Les politiques d’austérité, les salaires insuffisants et le manque de services sociaux sont des réalités qui diminuent l’indépendance financière des femmes qui souffrent de violences. En luttant contre les inégalités économiques, nous luttons pour l’amélioration des conditions de vie des femmes. En luttant pour des emplois stables, un salaire décent tout au long de la vie ou pour une éducation gratuite, accessible et de qualité, nous aidons à construire une société où tout le monde peut développer ses capacités.

Le capitalisme en crise est de moins en moins capable d’offrir à la majorité de la population des perspectives d’avenir positif.
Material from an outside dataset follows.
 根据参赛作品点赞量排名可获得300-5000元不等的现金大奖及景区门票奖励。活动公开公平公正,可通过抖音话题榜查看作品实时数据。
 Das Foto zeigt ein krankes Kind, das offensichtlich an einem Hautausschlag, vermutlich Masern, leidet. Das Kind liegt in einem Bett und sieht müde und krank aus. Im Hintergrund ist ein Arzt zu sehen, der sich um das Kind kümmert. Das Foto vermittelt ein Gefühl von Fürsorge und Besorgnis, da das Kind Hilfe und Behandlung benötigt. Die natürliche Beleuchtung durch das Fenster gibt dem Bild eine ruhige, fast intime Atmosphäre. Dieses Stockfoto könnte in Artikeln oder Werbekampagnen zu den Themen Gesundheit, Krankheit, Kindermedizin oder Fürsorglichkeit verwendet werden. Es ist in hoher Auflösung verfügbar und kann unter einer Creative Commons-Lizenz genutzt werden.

Des tueurs de masse comme Marc Lépine à Montréal ou plus récemment Alek Minassian à Toronto en sont venus à prendre les femmes comme boucs émissaires des problèmes que la société leur a fait subir.
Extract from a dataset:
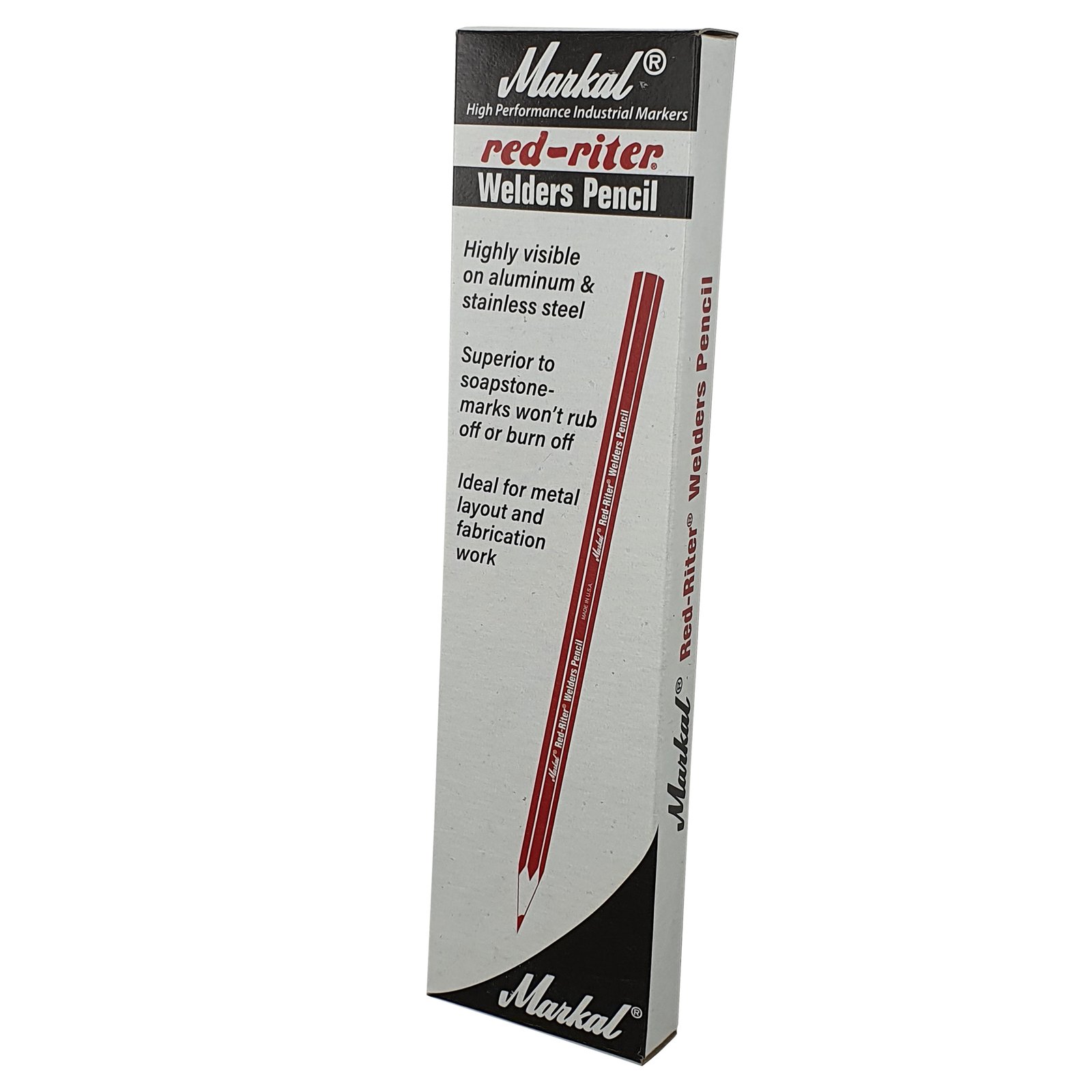 Economical, high-strength pencil is ideal for marking all types of metal surfaces – even oily, rusty or wet surfaces.

C’est pour ces raisons que nous luttons pour une société socialiste : pour l’élimination des violences économiques que subissent les femmes, les travailleurs·euses et la jeunesse! Et notre solidarité sera notre outil pour y arriver!

Aujourd’hui, pour ne jamais oublier les victimes de Polytechnique ainsi que toutes les femmes qui ont subi et qui subissent des violences, prenons un instant pour nous souvenir de :
Geneviève Bergeron
Hélène Colgan
Nathalie Croteau
Barbara Daigneault
Anne-Marie Edward
Maud Haviernick
Barbara Klucznik-Widajewicz
Maryse Laganière
Maryse Leclair
Anne-Marie Lemay
Sonia Pelletier
Michèle Richard
Annie St-Arneault
Annie Turcotte

Alexandra L.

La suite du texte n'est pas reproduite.